- Location: Lakeport, California, US
- Coordinates: 38°59′34″N 122°52′29″W﻿ / ﻿38.99278°N 122.87472°W
- Appellation: North Coast AVA
- Other labels: Clay Shannon, Ovis, Buck Shack, Steele, Giannecchini, Cricket Farms, High Valley
- Founded: 2001; 24 years ago
- Key people: Clay Shannon (Proprietor); Joy Merrilees (Vice-President of Production);
- Cases/yr: 280,000 (2023)
- Varietals: Cabernet Sauvignon, Sauvignon blanc, Zinfandel, Chardonnay, Petite Sirah, Cabernet Franc, Pinot noir, Cinsault
- Other products: Lamb meat, olive oil
- Distribution: United States, Canada
- Tasting: The Mercantile (Lakeport, California)
- Website: shannonfamilyofwines.com

= Shannon Family of Wines =

Winery operation in Lake County, California

Shannon Family of Wines is a family-owned and operated vineyard, winery and ranching operation in Lake County, California. It produces wine under various labels, notably Cabernet Sauvignon, Zinfandel, Sauvignon blanc and red blends made from Lake County grapes and neighboring counties in the North Coast AVA. Most of its labels fall under the super-premium, ultra-premium and luxury wine segments.

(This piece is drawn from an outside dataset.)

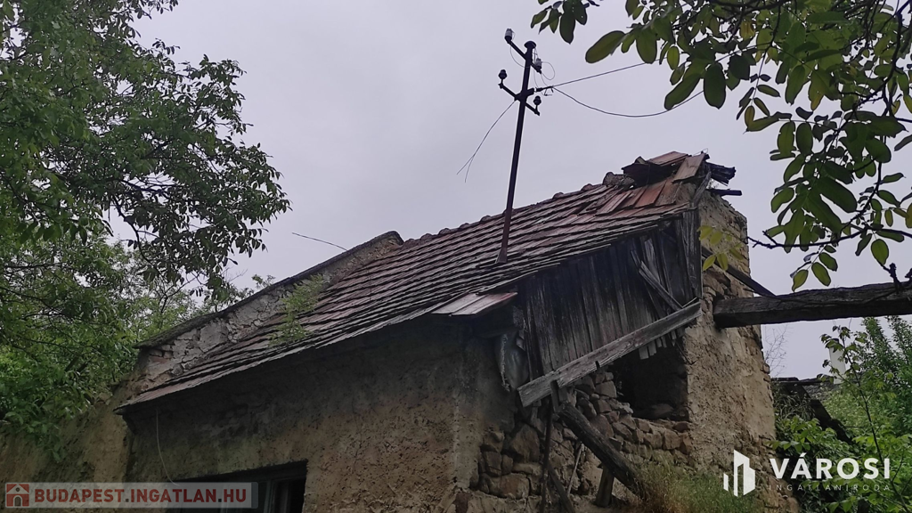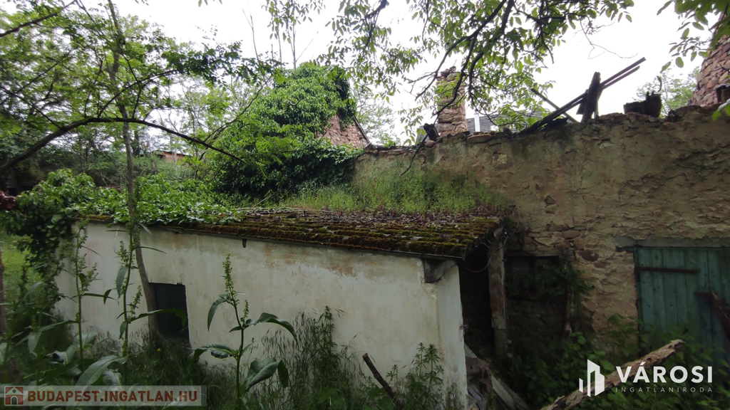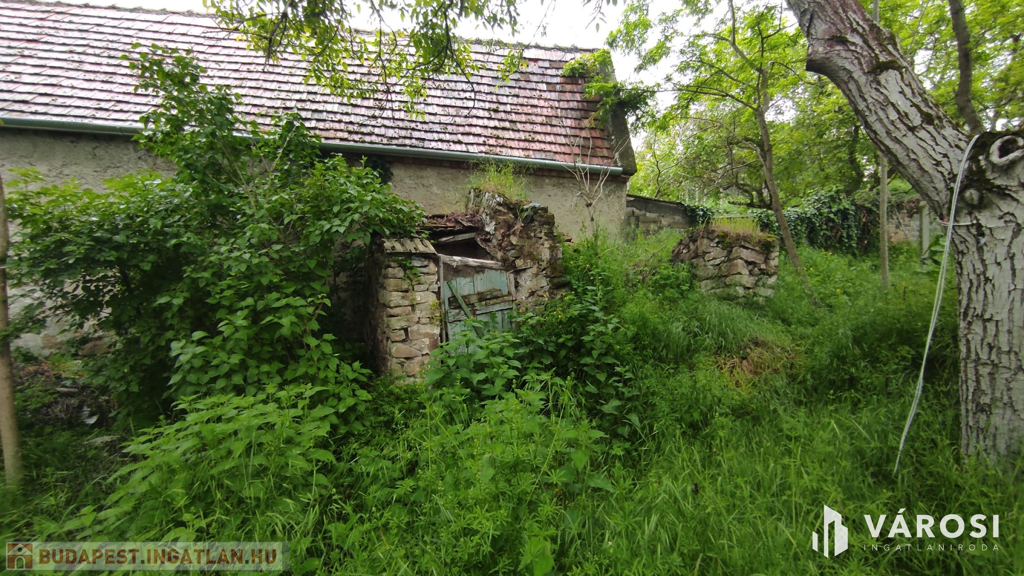 A valamikor szebb napokat megélt épület, az előtte álló ugyancsak romos épület udvarán keresztül szolgalmi joggal megközelíthető. A domboldalon elnyúló telek területe 504 m2, - kilátással a kővágóörsi hegyekre, - oldalhatáron beépített. Az alaprajzon feltüntetett épület falai állnak, helyiségei jól kivehetők. Két szoba, konyha, nappali, fürdőszoba volt a régi házban.

The operation was founded in 2001 as Shannon Ridge Vineyards & Winery by Clay Shannon (who worked for Sutter Home Winery from 1985 to 1993), and produced wines from Lake County vineyards under the Shannon Ridge and Cross Springs labels. The winery added a new brand when in 2010 it opened its Vigilance Winery & Vineyard tasting room on one of its Red Hills Lake County AVA vineyards in Lower Lake, California.

In 2018, Shannon Ridge Family of Wines purchased Nice Wine Co., located in Nice, California, expanding its winemaking and bottling capacity. In 2020, the company acquired Steele Wines, another Lake County winery, which Shannon had been using as a custom crush facility. Steele Wines had been founded in 1991 by Jed Steele, the original winemaker for Kendall-Jackson. Shannon still produces wines under the Steele brand. That same year, the winery acquired the Giannecchini Vineyard in the Talmage Bench AVA of Mendocino County.

In December 2021, Shannon Family of Wines opened The Mercantile, a wine bar, gourmet food retail and event venue at the original Steele winery location in Lakeport, California.

The company was a key petitioner in the process to get Long Valley, in eastern Lake County, recognized as an American Viticultural Area in April 2023.

The operation's 1,000 acre mountain vineyard in the High Valley AVA is certified organic, making use of its sheep flock for weeding and pest control.